IF 2.8 Pub Date : 2019-11-27 eCollection Date: 2019-01-01 DOI: 10.2147/BLCTT.S230383
Manizheh Narimani, Mohammadreza Sharifi, Ali Jalili

Introduction: Human Baculoviral inhibitor of apoptosis repeat-containing 5 (BIRC5) which encodes survivin exhibits multiple biological activities, such as cell proliferation and apoptosis. Survivin is overexpressed in numerous malignant diseases including acute myeloid leukemia (AML). Recent studies have shown that the CRISPR/Cas9 nuclease-mediated gene-editing systems are suitable approach's for editing or knocking out various genes including oncogenes.

Methods and materials: We used CRISPR-Cas9 to knockout the BIRC5 in the human leukemic cell line, HL60, and KG1, and these cell lines were transfected with either the Cas9- and three sgRNAs expressing plasmids or negative control (scramble) using Lipofectamine 3000. The efficacy of the transfection was determined by quantitative reverse transcription-polymerase chain (RT-qPCR) and surveyor mutation assays. Cell proliferation and apoptosis were measured by MTT assay and flow cytometry, respectively.

Results: We have successfully knocked out the BIRC5 gene in these leukemic cells and observed that the BIRC5-knocked out cells by CRISPR/Cas9 showed a significant decrease (30 folds) of survivin at mRNA levels. Moreover, cell death and apoptosis were significantly induced in BIRC5-CRISPR/Cas9-transfected cells compared to the scramble vector.

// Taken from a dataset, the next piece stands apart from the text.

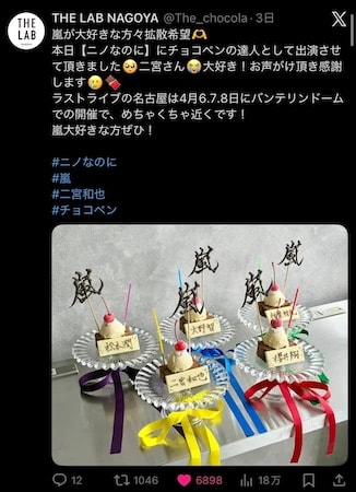 4月に控える「嵐」のライブ時のプレート案。Xにて話題に
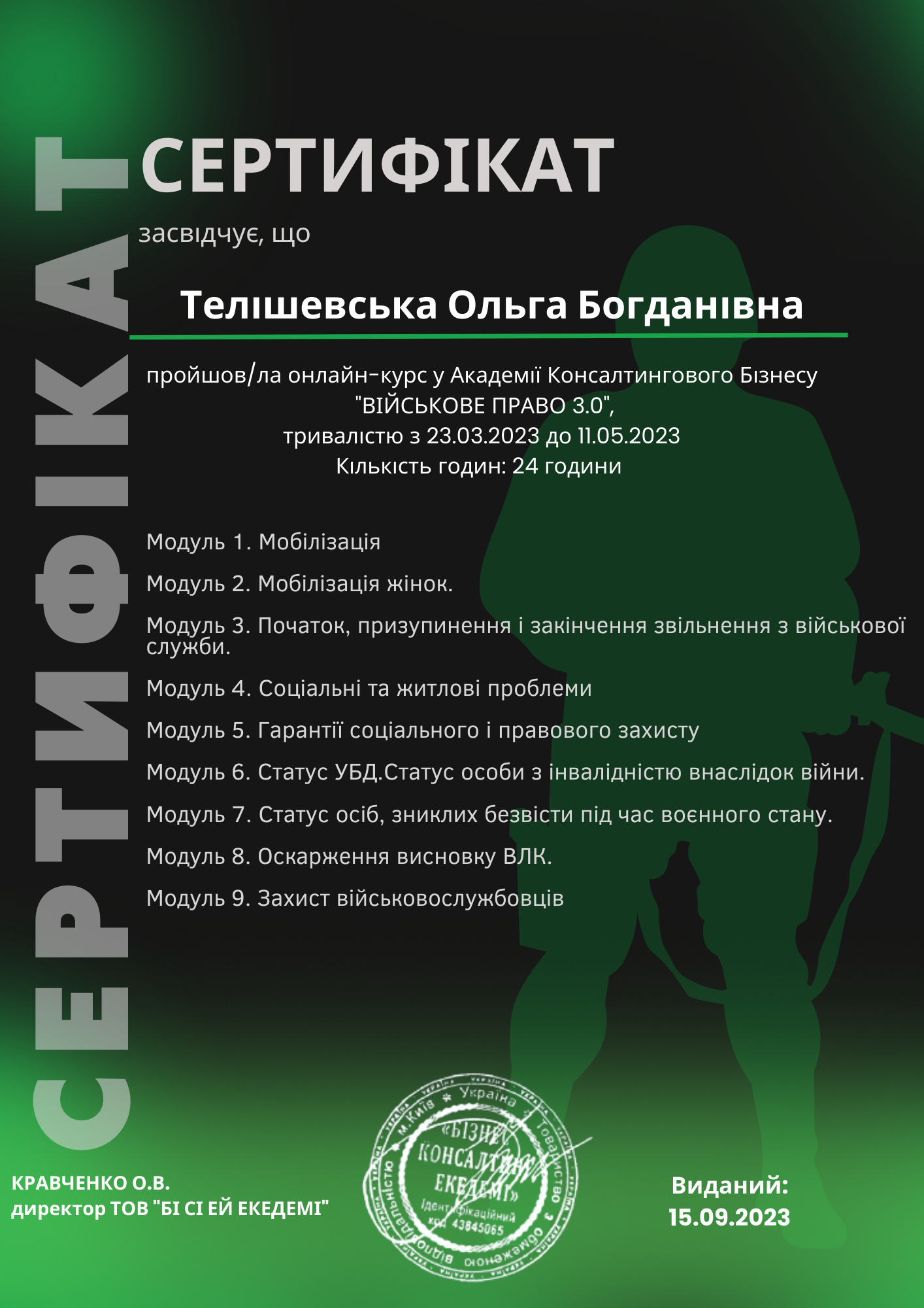 Наші реалії щоденно доказують актуальність слів класика, як-от: непримиримість з несправедливістю, відстоювання інтересів, захист прав та багато інших ситуацій, в які кожен з нас хоча б раз в житті потрапляв, тому всі ці фактори формують необхідність пошуку захисника. Знаючи і розуміючи це, довіру клієнта визначила, як першочерговий чинник у своїй роботі. Постійний розвиток та підвищення кваліфікації, посилюють відовідальність перед клієнтами та додають впевненість в обраній тактиці захисту. Тому з дотриманням загальнолюдських принципів та чинного законодавства, з досвідом в юриспруденції – допоможу вам у випадку порушення ваших законних прав та інтересів.

Conclusion: We demonstrated for the first time that targeting BIRC5 by CRISPR/Cas9 technology is a suitable approach for the induction of apoptosis in leukemic cells. However, further studies targeting this gene in primary leukemic cells are required.

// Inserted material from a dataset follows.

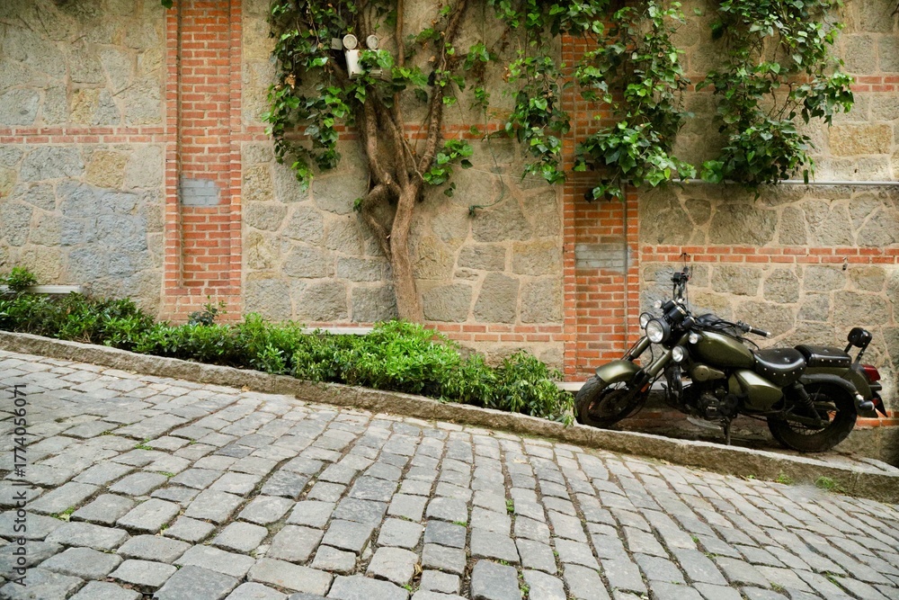 Tapeta old motorbike in the street

引言:编码生存素的人细胞凋亡重复抑制因子5(BIRC5)具有多种生物学活性,如细胞增殖和凋亡。Survivin在许多恶性疾病中过表达,包括急性髓细胞白血病(AML)。最近的研究表明,CRISPR/Cas9核酸酶介导的基因编辑系统是编辑或敲除包括致癌基因在内的各种基因的合适方法。方法和材料:我们使用CRISPR-Cas9敲除人白血病细胞系HL60和KG1中的BIRC5,并用表达Cas9-和三种sgRNA的质粒或使用Lipofectamine 3000的阴性对照(加扰)转染这些细胞系。通过定量逆转录聚合酶链反应(RT-qPCR)和检测突变测定来确定转染的效果。分别用MTT法和流式细胞仪检测细胞增殖和凋亡。结果:我们成功地敲除了这些白血病细胞中的BIRC5基因,并观察到CRISPR/Cas9敲除的细胞在mRNA水平上显示出生存素的显著降低(30倍)。此外,与加扰载体相比,BIRC5-CRISPR/Cas9转染的细胞中显著诱导了细胞死亡和凋亡。结论:我们首次证明CRISPR/Cas9技术靶向BIRC5是诱导白血病细胞凋亡的合适方法。然而,还需要在原代白血病细胞中针对该基因进行进一步的研究。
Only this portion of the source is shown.